Protein complex prediction via verifying and reconstructing the topology of domain-domain interactions
1 Institute for Advanced Biosciences, Keio University, 403-1, Daihoji, Tsuruoka, Yamagata 997-0017, Japan
2 Systems Biology Program, Graduate School of Media and Governance, Keio University, Endo 5322, Fujisawa, Kanagawa 252-8520, Japan
3 Faculty of Environment and Information Studies, Keio University, Endo 5322, Fujisawa, Kanagawa 252-8520, Japan
4 Graduate School of Science and Technology, Keio University, 3-14-1 Hiyoshi, Kohoku, Yokohama, Kanagawa 223-8522, Japan
5 IBM Research - Tokyo, 1623-14 Shimo-tsuruma, Yamato, Kanagawa, 242-8502 Japan
6 Graduate School of Information Science and Technology, The University of Tokyo, 7-3-1 Hongo, Bunkyo-ku, 113-8656 Tokyo, Japan
BMC Bioinformatics 2010, 11:350 doi:10.1186/1471-2105-11-350Published: 28 June 2010
High-throughput methods for detecting protein-protein interactions enable us to obtain large interaction networks, and also allow us to computationally identify the associations of proteins as protein complexes.
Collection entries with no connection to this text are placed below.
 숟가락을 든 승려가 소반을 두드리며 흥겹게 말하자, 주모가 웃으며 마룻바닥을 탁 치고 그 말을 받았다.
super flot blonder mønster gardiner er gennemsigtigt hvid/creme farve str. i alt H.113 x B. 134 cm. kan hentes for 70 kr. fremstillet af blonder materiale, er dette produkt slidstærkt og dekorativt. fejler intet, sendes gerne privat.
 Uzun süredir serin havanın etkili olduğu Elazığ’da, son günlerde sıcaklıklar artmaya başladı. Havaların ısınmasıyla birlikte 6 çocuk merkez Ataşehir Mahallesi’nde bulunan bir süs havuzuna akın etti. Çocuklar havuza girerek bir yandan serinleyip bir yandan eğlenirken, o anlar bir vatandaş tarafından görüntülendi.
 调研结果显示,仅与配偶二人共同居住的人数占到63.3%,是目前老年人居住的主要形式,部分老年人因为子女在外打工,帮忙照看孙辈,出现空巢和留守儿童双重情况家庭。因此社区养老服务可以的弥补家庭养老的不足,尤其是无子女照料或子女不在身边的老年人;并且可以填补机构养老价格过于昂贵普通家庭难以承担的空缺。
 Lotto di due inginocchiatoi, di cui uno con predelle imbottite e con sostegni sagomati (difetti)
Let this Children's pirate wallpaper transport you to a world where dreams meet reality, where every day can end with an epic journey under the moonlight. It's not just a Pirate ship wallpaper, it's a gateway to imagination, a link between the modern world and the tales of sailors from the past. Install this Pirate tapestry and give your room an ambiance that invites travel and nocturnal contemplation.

Although there are methods to extract protein complexes as sets of proteins from interaction networks, the extracted complexes may include false positives because they do not account for the structural limitations of the proteins and thus do not check that the proteins in the extracted complex can simultaneously bind to each other. In addition, there have been few searches for deeper insights into the protein complexes, such as of the topology of the protein-protein interactions or into the domain-domain interactions that mediate the protein interactions.
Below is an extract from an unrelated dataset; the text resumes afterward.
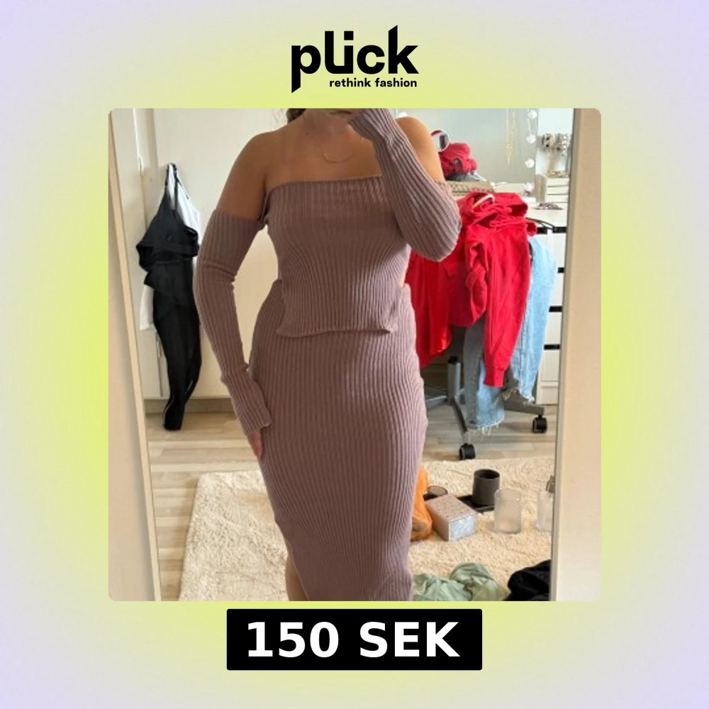 Tvådelat set - Offshoulder med långa ärmar, figurnära passform och snygg slits på sidan. HELT oanvänt med prislapp kvar.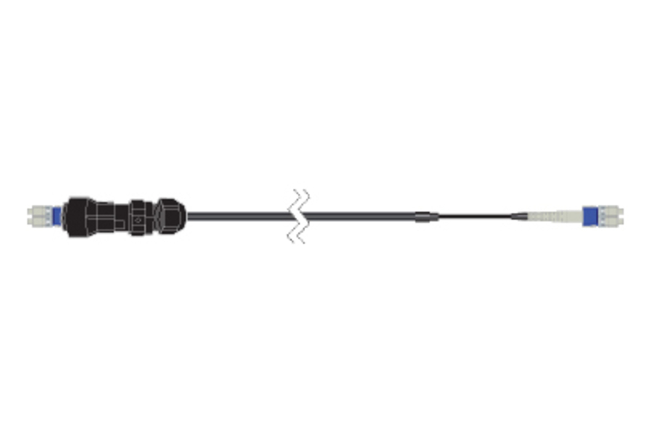 HELIAX® Discrete, 2 single mode fiber, 7 mm LSZH cable. End 1: DLC for RRU. End 2: DLC for BBU. Includes installed weatherproofing shroud

Here, we introduce a combinatorial approach for prediction of protein complexes focusing not only on determining member proteins in complexes but also on the DDI/PPI organization of the complexes. Our method analyzes complex candidates predicted by the existing methods. It searches for optimal combinations of domain-domain interactions in the candidates based on an assumption that the proteins in a candidate can form a true protein complex if each of the domains is used by a single protein interaction. This optimization problem was mathematically formulated and solved using binary integer linear programming. By using publicly available sets of yeast protein-protein interactions and domain-domain interactions, we succeeded in extracting protein complex candidates with an accuracy that is twice the average accuracy of the existing methods, MCL, MCODE, or clustering coefficient. Although the configuring parameters for each algorithm resulted in slightly improved precisions, our method always showed better precision for most values of the parameters.
Our combinatorial approach can provide better accuracy for prediction of protein complexes and also enables to identify both direct PPIs and DDIs that mediate them in complexes.